Dilma: Verdade não é revanche, mas apaziguar o povo com a história


A presidenta Dilma Rousseff se emocionou ao discursar durante a cerimônia de entrega do relatório dos trabalhos da Comissão Nacional da Verdade (CNV), nesta quarta-feira (10), que aponta a responsabilidade de mais de 300 militares por crimes cometidos no período da ditadura. Dilma defendeu que o Brasil tem direito a saber a verdade sobre esse período, e que "a verdade não significa a busca de revanche. A verdade não precisa ser motivo para ódio ou acerto de contas".
"A verdade produz consciência, aprendizado, conhecimento e respeito. A verdade significa a oportunidade de apaziguar cada indivíduo consigo mesmo e um povo com a sua história. A verdade é uma homenagem a um Brasil que já trilha três décadas de um caminho democrático. Tornar público este relatório nesta data é um tributo a todas as mulheres e homens do mundo que lutaram pela liberdade pela democracia e, com essa luta, ajudaram a construir marcos civilizatórios e tornaram a humanidade melhor".

A presidenta, que foi presa e torturada durante a ditadura militar, demonstrou profunda emoção no discurso e com a voz embargada falou sobre os parentes das vítimas do regime que “continuam sofrendo como se eles morressem de novo, e sempre, a cada dia”. Nesse momento, foi aplaudida de pé pelos presentes. 
Luta em defesa da democracia

“Nós reconquistamos a democracia à nossa maneira. Por meio de lutas duras, por meio de sacrifícios humanos irreparáveis.

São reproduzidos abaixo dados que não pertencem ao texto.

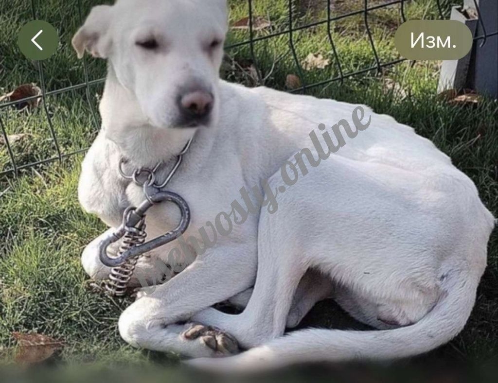 Этот обтянутый кожей скелет нашли волонтёры. Собака была прикована цепью к забору в глуши. Неизвестно, сколько времени она провела без еды и воды.
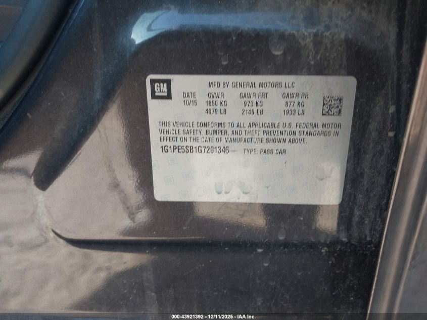 2016 CHEVROLET CRUZE 2016 року Бензин, 1.4, Передний привод, vin - 1G1PE5SB1G7201346 из США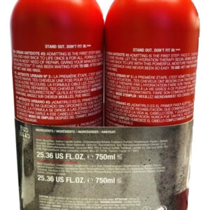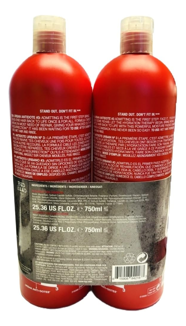 Shampoo e condicionador Tigi Bed Head Urban Anti+dotes Resurrection de nível de dano 3, 25,36 onças (pacote com 2) — Para cabelos esticados que precisam de um toque hidratante — O cabelo fica instantaneamente mais macio e mais gerenciável — Resultados sedosos, macios e brilhantes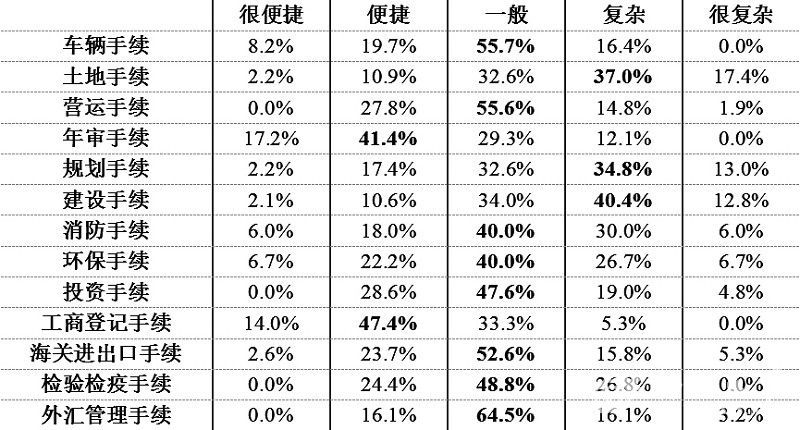 調查顯示,年審、工商登記手續(xù)較為便捷,土地、規(guī)劃、建設、消防、環(huán)保、檢驗檢疫等手續(xù)較為復雜,車輛、營運、投資、海關、外匯管理手續(xù)總體一般。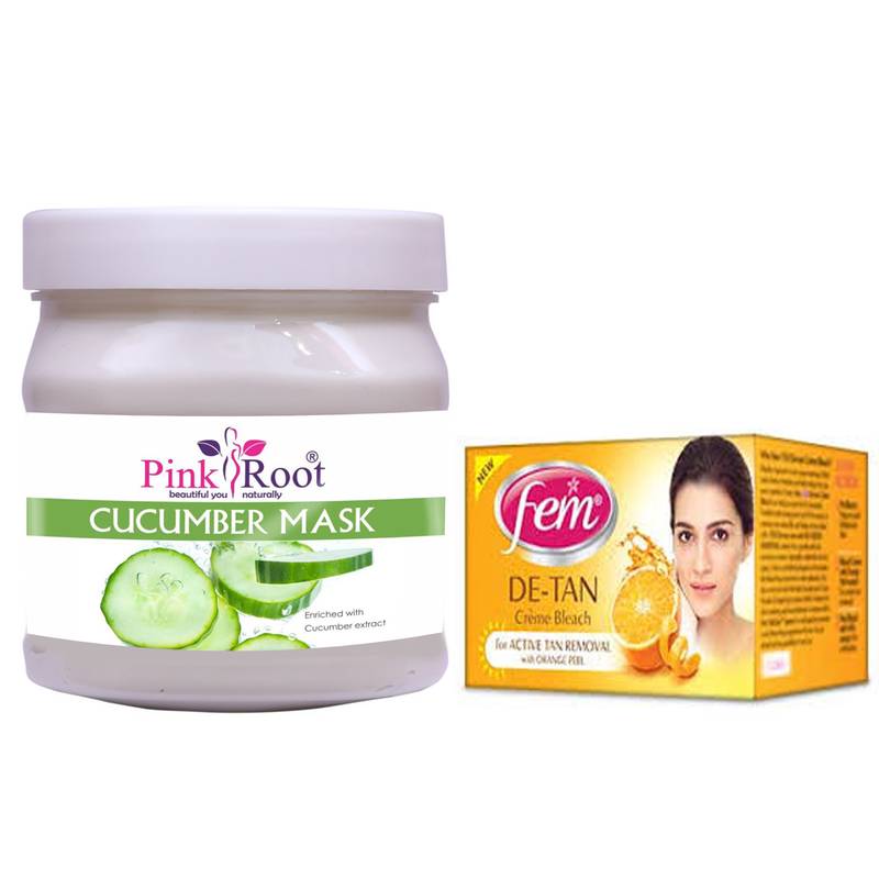 Pink Root Cucumber Mask Enriched with Cucumber extract with Fem De-Tan Creme Bleach 50gm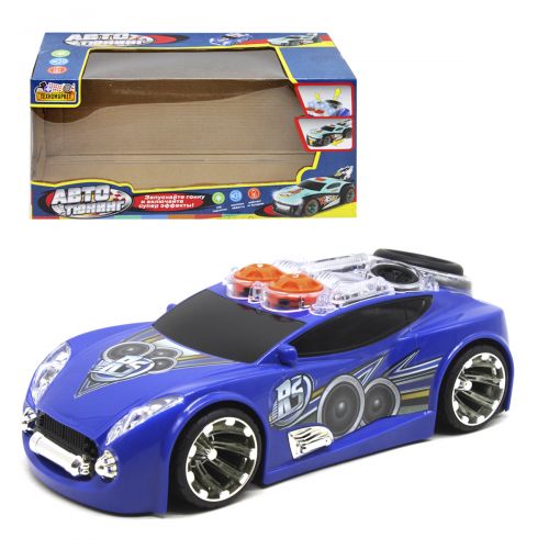Интересная машинка станет приятным подарком для ребенка. Игрушка оснащена звуковыми и световыми эффектами. Светятся фары, имитирует звук езди, играет музыка, на верхней части расположены танцующие динамики. Колеса прорезиненные. На крыше машинки расположены 2 кнопки, с помощью которых можно включить звуковые эффекты и режим езды. Выполнена из прочных материалов. Размер игрушки 26х8х11 см. Работает на батарейках (не идут в комплекте).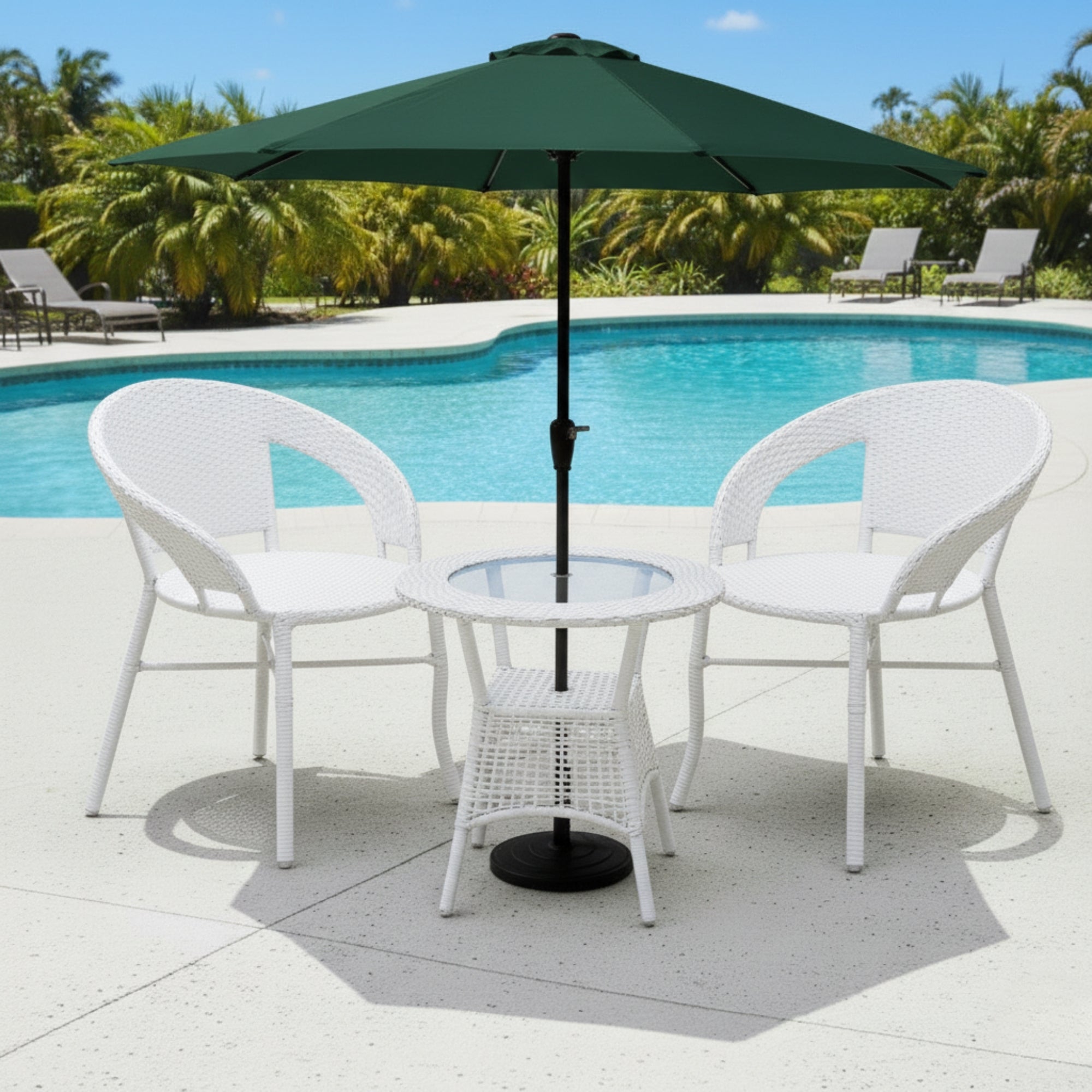 Create a cozy and stylish outdoor retreat with this 3-Piece Outdoor Wicker Patio Set with Glass Top Table and Outdoor Umbrella. Designed to enhance your garden, balcony, deck, lawn, porch, or poolside, this elegant patio furniture set combines comfort, durability, and modern design to elevate your outdoor living experience. Crafted with high-quality, handwoven all-weather HDPE wicker, this outdoor wicker patio set is built to withstand sun exposure, light rain, and daily outdoor use. The strong powder-coated metal frame provides excellent stability and rust resistance, ensuring long-lasting performance in every season. The chairs are ergonomically designed with supportive backrests and comfortable armrests, allowing you to relax for hours while enjoying fresh air and good company. The sleek glass top center table adds a sophisticated touch while offering practical functionality. Its smooth, easy-to-clean surface is perfect for serving drinks, snacks, or placing decorative items. Whether you're hosting guests or enjoying a quiet cup of coffee, the table keeps everything within easy reach. The included outdoor umbrella provides reliable shade and protection from harsh sunlight, making it ideal for warm summer days. It helps create a cool and comfortable seating area so you can fully enjoy your outdoor space without worrying about direct sun exposure. Compact yet spacious, this 3-piece patio conversation set is perfect for both small balconies and larger outdoor areas. Lightweight for easy rearrangement yet sturdy for daily use, it offers versatility and convenience. Upgrade your outdoor décor with this durable and stylish wicker patio furniture set designed to bring comfort, beauty, and functionality to your outdoor lifestyle.

Mas por meio de pactos e acordos nacionais que estão, muitos deles, traduzidos na Constituição de 1988. Assim como respeitamos e reverenciamos e sempre o faremos todos os que lutaram pela democracia, todos os que tombaram nessa luta enfrentando a truculência ilegal do Estado e nós jamais poderemos deixar de enaltecer, também reconhecemos e reverenciamos os pactos políticos que nos levaram à redemocratização”, disse Dilma.
“Quem da voz à história são os homens e mulheres livres que não tem medo de escrevê-la”, completou a presidenta. “Nós, que acreditamos na verdade, esperamos que esse relatório contribua para que fantasmas de um passado doloroso e triste não possam mais se proteger nas sombras do silêncio e da omissão", salientou. 

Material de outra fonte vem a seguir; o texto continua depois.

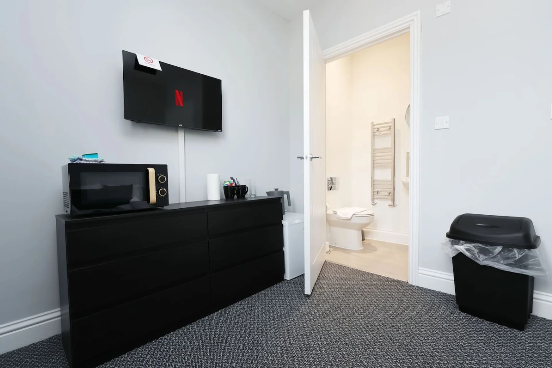 Perfect for commuters, travellers, or anyone seeking a modern and convenient space to stay, this room offers both comfort and practicality. Double Room- Double Bed Simple Amenities, Microwave, Fridge, Smart Tv En-suite bathroom Walking distance from Llanelli Train Station Looking for a cozy and convenient base in Llanelli? This studio offers: Comfortable Living Space: A well-designed studio perfect for two guests. En-Suite Bathroom: Enjoy the privacy and convenience of your own bathroom. Smart TV: Relax and unwind with your favorite shows. Kitchenette: Includes a fridge and microwave for light meal preparation. Prime Location: Situated right next to Llanelli Train Station, ideal for exploring the area or commuting. Nearby Attractions Located in the heart of Llanelli, this studio is close to: Millennium Coastal Park: Enjoy stunning coastal views, cycling, and walking trails. Llanelli Wetland Centre: A must-visit for nature lovers and bird watchers. Parc Howard Museum and Gardens: A charming spot to learn about local history and relax in peaceful surroundings. With local pubs, cafes, and restaurants just minutes away, you’ll have plenty of dining options to choose from. Guests will have exclusive access to the entire studio, which includes: A cosy living and sleeping area with a Smart TV. An en-suite bathroom for added privacy. A kitchenette with a fridge and microwave for light meal preparation. Please note that while the studio itself is entirely private and solely for your use, the main entrance to the building is shared with other residents. Once inside, your room offers complete privacy and comfort throughout your stay. We are available via call or message between 8 AM and 9 PM to assist with any questions or needs during your stay (hours may be reduced on Christmas Day and New Year’s Day). While we are here to offer advice and support if needed, we’ll remain in the background to ensure you can fully relax and enjoy your stay with minimal interruption This property is hosted and managed by KG Short Stay, a trusted team with a large portfolio of properties across South Wales. We pride ourselves on providing a professional and responsive service to ensure your stay is as smooth and enjoyable as possible. Guest Requirements: Before access is granted, guests are required to provide photographic ID via an online link, a valid phone number, and their home address in compliance with The Immigration (Hotel Records) Order 1972. House Rules: This is a NO PARTIES, NO SMOKING, and NO PETS property. CCTV and Noise Monitoring: For your security, there is CCTV at the front entrance to monitor arrivals. Additionally, the property has a noise-monitoring device (it does not record sound) to ensure respectful noise levels are maintained. Residential Area: This property is in a residential neighbourhood, so please respect the privacy and peace of the surrounding area. If you’re planning a gathering, we kindly ask you to choose a local pub or bar instead. Check-In and Check-Out: Check-in is between 4 PM – 9 PM. Please note that after 9 PM, customer service assistance may not be available. You may self-check-in after this time using the lock box, but support cannot be guaranteed. Check-out is by 10 AM. Photography Disclaimer: The listing photos were professionally taken before guests stayed in the property. While every effort is made to maintain the space, there may be some changes such as removed decorative items, minor wear and tear, or settlement dust if it’s been a few days since the last guest checked out. Friendly Note: This is not luxury accommodation but is designed for practicality, especially for those working or studying in the area. However, we’re confident you’ll enjoy the space too! Please be mindful that occasional encounters with friendly spiders or bugs can happen in UK homes. Should anything unusual arise, our team will address it promptly to ensure your stay remains comfortable.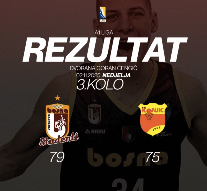 U okviru A1 lige Košarkaškog saveza Bosne i Hercegovine, u sportskoj dvorani „Goran Čengić“ na Grbavici, ekipa KK Bosna Studenti savladala je KK Konjic rezultatom 79:75.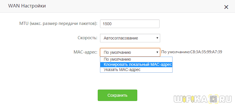 Кнопка «Клонировать» позволяет изменить MAC-адрес роутера на адрес сетевой карты компьютера, к которому он подключен

Para Dilma, o trabalho feito pela comissão torna “nossa democracia ainda mais forte”. Foram dois anos e sete meses de investigações e pesquisas da comissão em que 1.120 pessoas foram ouvidas e listadas 434 vítimas, entre mortos e desaparecidos. 

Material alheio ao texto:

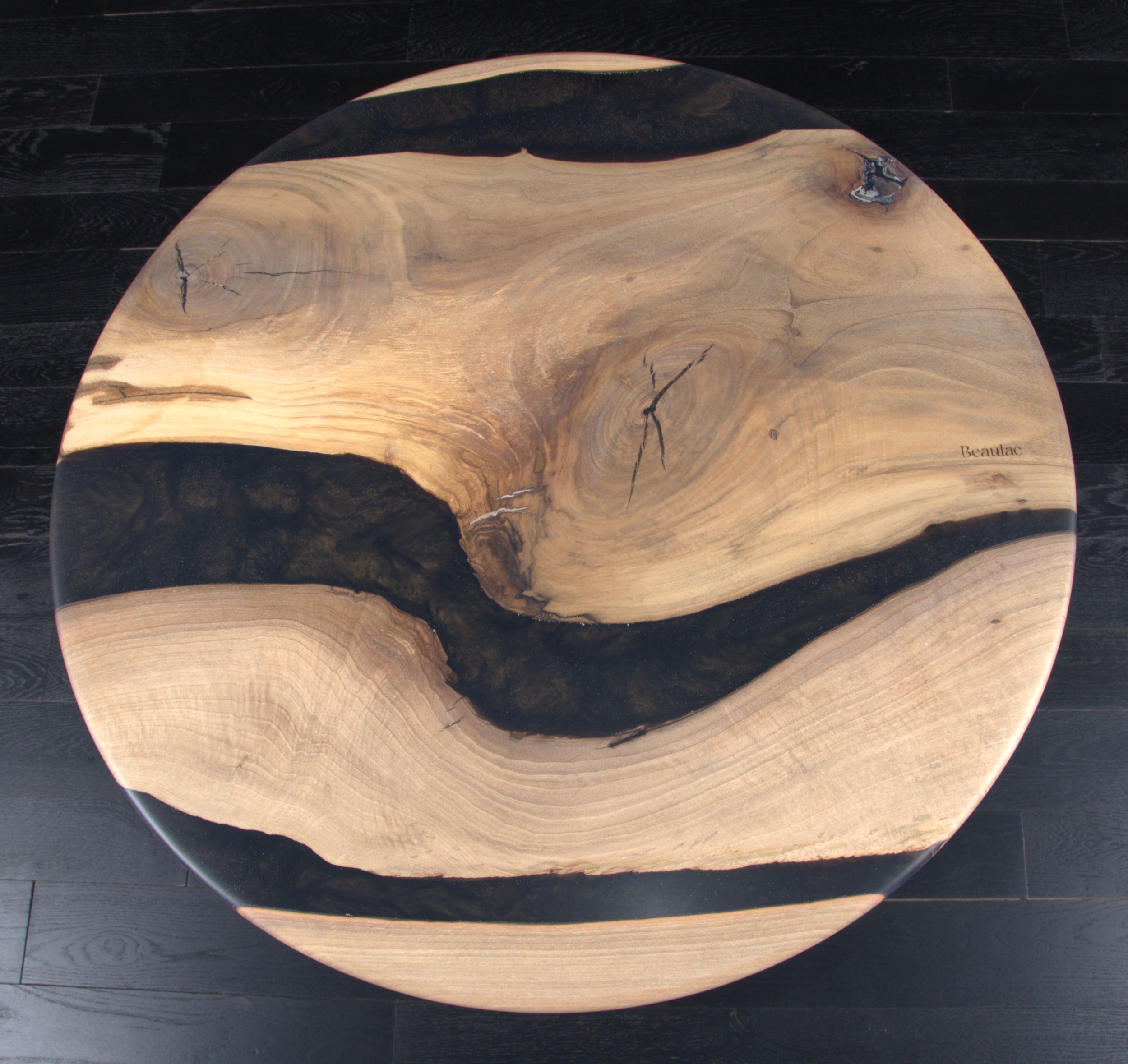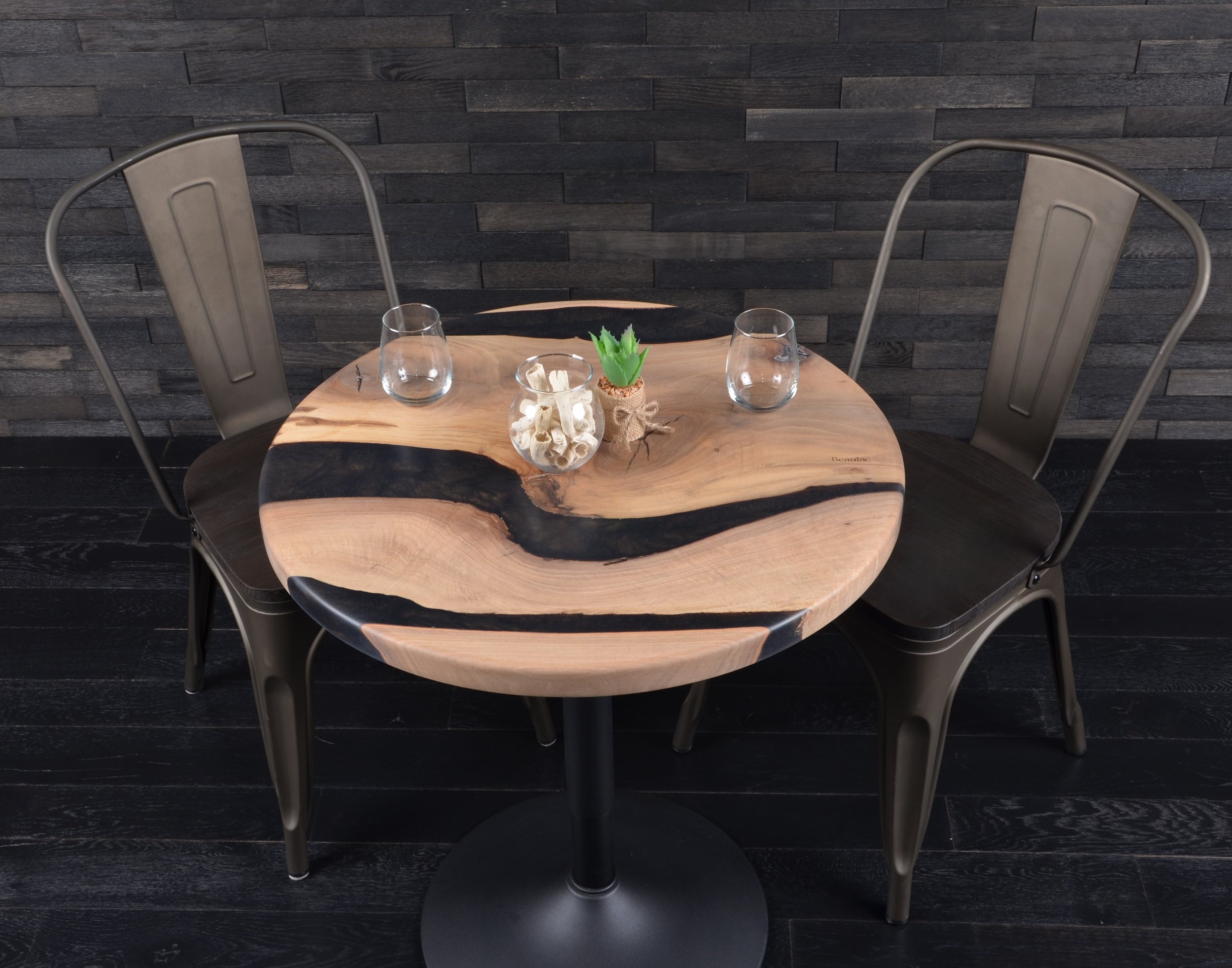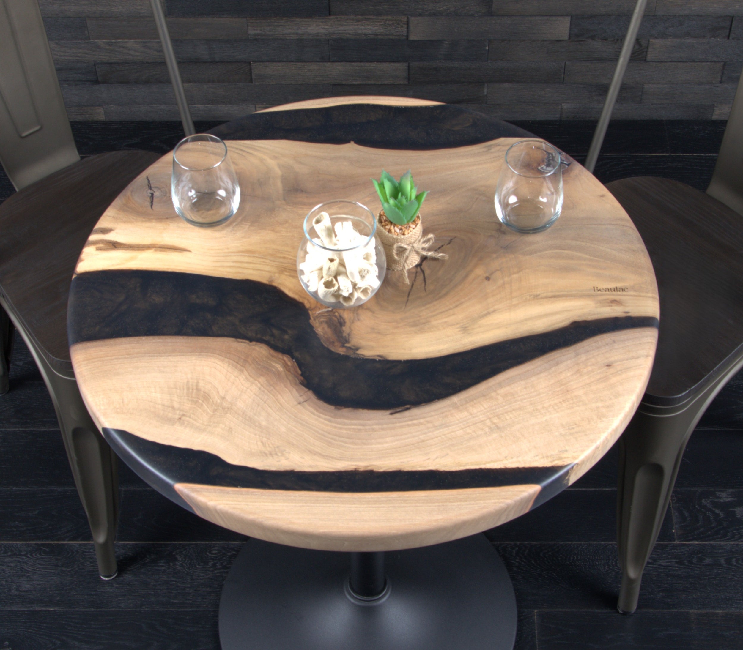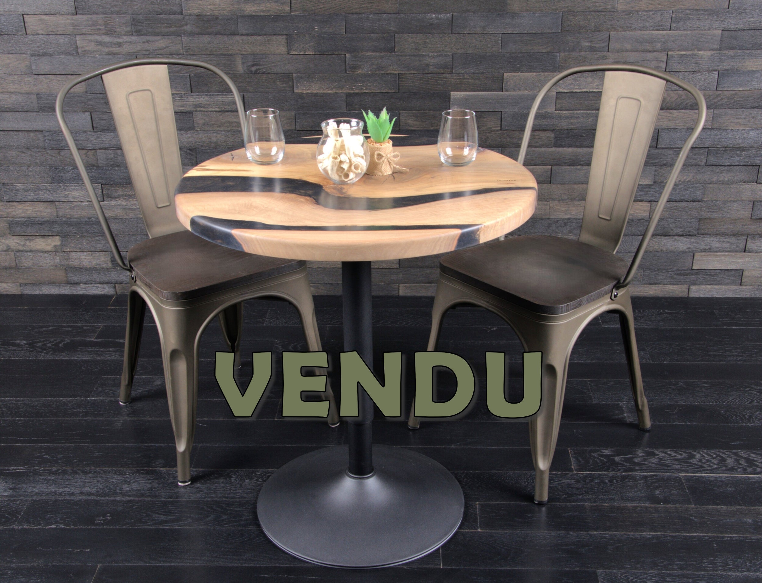 PLATEAU EN NOYER 680 MM " ESPRIT BISTROT " RESINE RUSTY (N° A077)

A audiência de entrega do relatório contou com a participação de seis membros da comissão: José Carlos Dias, José Paulo Cavalcanti Filho, Maria Rita Kehl, Paulo Sérgio Pinheiro, Pedro Dallari e Rosa Cardoso. Os ministros da Justiça, José Eduardo Cardozo, e da Secretaria de Direitos Humanos, Ideli Salvatti, também estavam presentes.

Continuidade

Dilma enfatizou que a conclusão das atividades da comissão não representa um ponto final nas investigações das violações de direitos humanos na ditadura. Segundo a presidenta, o Estado brasileiro vai se “debruçar” sobre o relatório, “olhar as recomendações e propostas e tirar as consequências necessárias”. A presidenta citou os trabalhos de comissões da verdade estaduais e setoriais como complementares ao trabalho do colegiado.

Criada pela Lei 12.528/2011 e instalada em maio de 2012 para examinar e esclarecer violações de direitos humanos cometidas entre 1946 e 1988, a Comissão Nacional da Verdade terá seus trabalhos encerrados no próximo dia 16. No relatório final, o grupo sugere a criação de um órgão público para dar seguimento e continuidade às ações da CNV.

Dilma também fez um agradecimento aos órgãos que colaboraram com as investigações da comissão e aos “homens e mulheres livres que relataram a verdade para a comissão”, principalmente aos parentes de vítimas e sobreviventes do período militar.

“Com a criação dessa comissão, o Brasil demonstrou a importância do conhecimento desse período para não mais deixá-lo se repetir”, afirmou Dilma. 

"O trabalho conduzido permitiu à Comissão Nacional da Verdade concluir que as graves violações de direitos humanos ocorridas no período investigado, especialmente nos 21 anos de ditadura instaurada em 1964, foram resultado de uma ação generalizada e sistemática do Estado, configurando crimes contra a humanidade", disse Pedro Dallari, um dos coordenadores da comissão.

O documento, que também será entregue aos presidentes do Senado, da Câmara dos Deputados e do Supremo Tribunal Federal, está dividido em três volumes com 3.380 páginas. Além de descrever o trabalho feito pela comissão, apresenta uma série de conclusões e recomendações acerca dos atos de violência cometidos pelo regime militar.